HTTP/1.1 201 Created
Content-Length: nnn
Content-Type: application/atom+xml;type=entry;charset="utf-8"
Location: http://example.org/media/edit/the_beach.atom
<?xml version="1.0"?>
<entry xmlns="http://www.w3.org/2005/Atom">
   <title>The Beach</title>
   <id>urn:uuid:1225c695-cfb8-4ebb-aaaa-80da344efa6a</id>
   <updated>2005-10-07T17:17:08Z</updated>
   <author><name>Daffy</name></author>
   <summary type="text" />
   <content type="image/png"
      src="http://media.example.org/the_beach.png"/>
   <link rel="edit-media"
      href="http://media.example.org/edit/the_beach.png" />
   <link rel="edit"
      href="http://example.org/media/edit/the_beach.atom" />
</entry>

Note that the edit link provides the Atom Feed link to the media entry, and the edit-media link provides the media repository link to the media entry. Use these links to get and delete media.

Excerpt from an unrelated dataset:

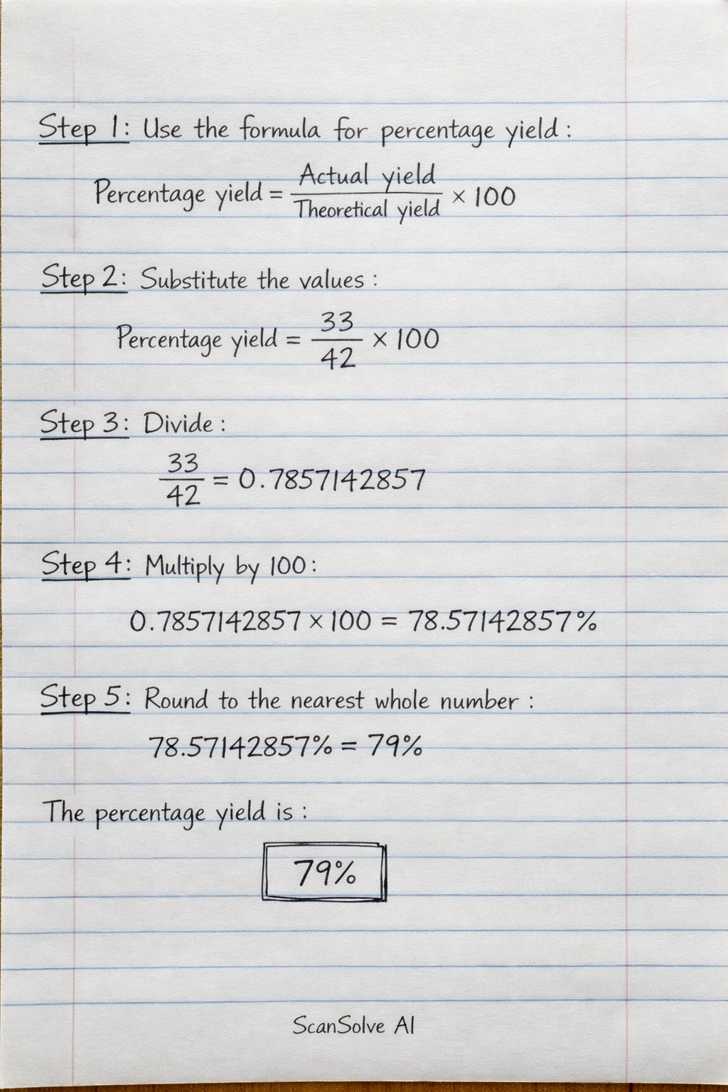 From the image, the actual yield is 33 and the theoretical yield is 42.

A special convention has been implemented to allow the media collection implementation to return properties in the response header. The summary element of the Entry returned may contain a set of key=value properties separated via commas. For example, in order to provide return Content-Type and Content-Length values in the response header, one can created this text in the postMedia Entry summary element: Content-Type=image/jpg,Content-Length=21642.

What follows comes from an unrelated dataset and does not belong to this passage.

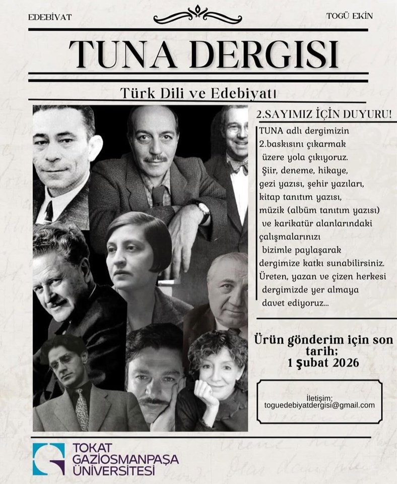 Dergimizde yayımlanmasını istediğiniz yazılarınızı 01.02.2026 tarihine kadar toguedebiyatdergisi@gmail.com e-posta adresine gönderebilirsiniz.

The putMedia method acts in much the same way, but the URI to the item should contain an ID to the media being updated. For instance, if the usual post and get feed URI is http://localhost:8084/receipt, then to update the media given above one would put to the URI http://localhost:8084/receipt/urn:uuid:1225c695-cfb8-4ebb-aaaa-80da344efa6a. Here is an example of a put request:

PUT /edit/urn:uuid:1225c695-cfb8-4ebb-aaaa-80da344efa6a HTTP/1.1
Host: media.example.org
Content-Type: image/png
Authorization: Basic ZGFmZnk6c2VjZXJldA==
Content-Length: nnn 
...binary data...

After the above put request, the Atom binding will invoke the media collection implementation putMedia method. The media collection should update the media if the ID exists (and a 200 OK status code will return), or the media collection should throw a NotFoundException if the ID does not exist (and a 404 not found status code will return).

The above scenarios are documents in the MediaCollectionTestCase unit test case in the binding-atom-abdera module in the Tuscany code base.

Security on Sensitive Commands (Delete,DeleteAll,etc.)

This item implemened by TUSCANY-2569.